Arctous alpina is a procumbent shrub usually less than 6 in high with a woody stem and straggling branches. The leaves are alternate and wither in the autumn but remain on the plant for another year. The leaves are stalked and are oval with serrated margins and a network of veins. They often turn red to scarlet in autumn. The flowers are in groups of two to five, white or pink and urn-shaped and about 3 to 5 mm long. They have five sepals, five fused petals with five small projecting lobes, ten stamens and a single carpel. The fruits are spherical, 9 to 12 mm long, initially green, then red and finally glossy black and succulent when ripe. This plant flowers in June.

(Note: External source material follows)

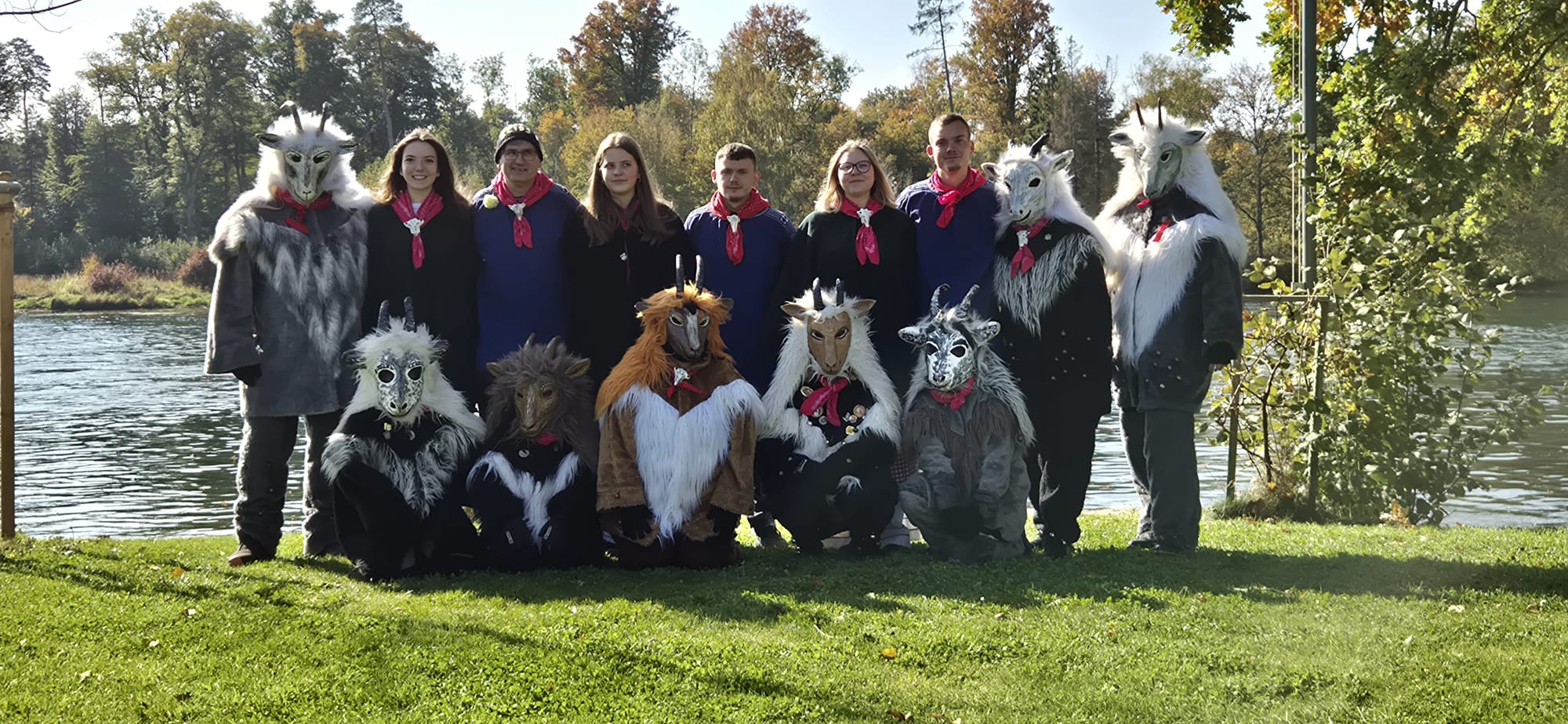 Die Masken und Zunftkleidung wurden damals von Frau Eva von Ow und Herr Manfred von Ow entworfen und genäht.

==Distribution and habitat==
Arctous alpina has a circumpolar distribution. It is found at high latitudes, from Scotland east across Scandinavia, Russia, Alaska, Northern Canada and Greenland. Its southern limits in Europe are the Pyrenees and the Alps, in Asia, the Altay Mountains and Mongolia, and in North America, British Columbia in the west, and Maine and New Hampshire in the east. Its natural habitat is moorland, dry forests with birch and pine and hummocks covered in moss at the edges of bogs.

==Ecology==
Arctous alpina forms a symbiotic relationship life with fungi which supply it with nutrients such as phosphorus. The berries are appreciated by birds.

==Use by humans==
The rather flavorless berries are used as food by Alaska Natives, although researchers studying the Siberian Yupiks have speculated that they may be avoided due to the possibility of causing poisoning.

The bark and leaves have documented medicinal uses by the Ojibwe.